Pauschalisierungen determinieren Menschen, reduzieren sie auf ein Label, das ihnen ungefragt auf die Stirn geheftet wird. Ob positiv oder negativ ist letztlich egal. Das Individuum wird nicht mehr in seiner Eigenart gesehen und das ist gefährlich.

Jeder Mensch vereint weibliche und männliche Eigenschaften in sich, die mal mehr, mal weniger herauskommen. Und die je nach den aktuellen gesellschaftlichen Werten mal negativ, mal positiv ankommen.
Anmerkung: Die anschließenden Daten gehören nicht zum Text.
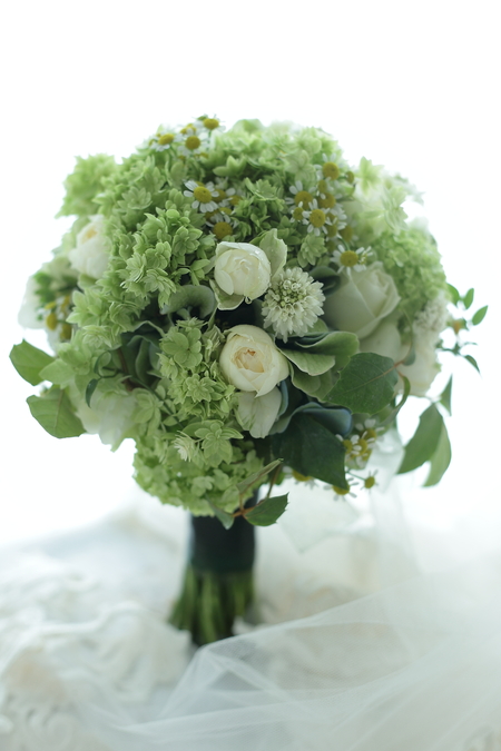 クラッチブーケ 緑とマトリカリア 松濤レストラン様へ

Das ist zum Teil zwar schon eine Frage der - geschlechtsspezifischen - Sozialisation, aber eben nicht nur. Wichtig ist nicht, ob man Frau oder Mann ist, sondern ob man die Eigenschaften besitzt, die heute und in Zukunft gefragt sind. Das sind zum Teil Eigenschaften, die gemeinhin als eher "weiblich" bezeichnet werden, die aber jeder und jede haben kann. Gesucht werden Führungskräfte, die auf ihre Mitarbeiter*innen eingehen, die echte Leader sind, anstatt nur zu managen. Die Orientierung geben, aber auch Freiraum. Die Vertrauen in ihre Mitarbeiter*innen haben und Weitblick. Die kollaborieren anstatt zu konkurrenzieren. Das ist von Männern und Frauen gleichermaßen zu erwarten. Wer sich damit leichter tut, ist letztlich immer noch eine Frage der Individualität. Fakt ist aber in jedem Fall hat der einsame zumeist männliche Manager an der Spitze eines Unternehmens ausgedient.

Wir brauchen viel mehr gute Leader in Führungspositionen. Und ja, wir brauchen viel mehr Frauen in Führungspositionen - weil viele Frauen Potenzial für gutes Leadership haben. Und wir brauchen weniger schlechte Chefs. Ob Männer oder Frauen, ist hier schließlich egal.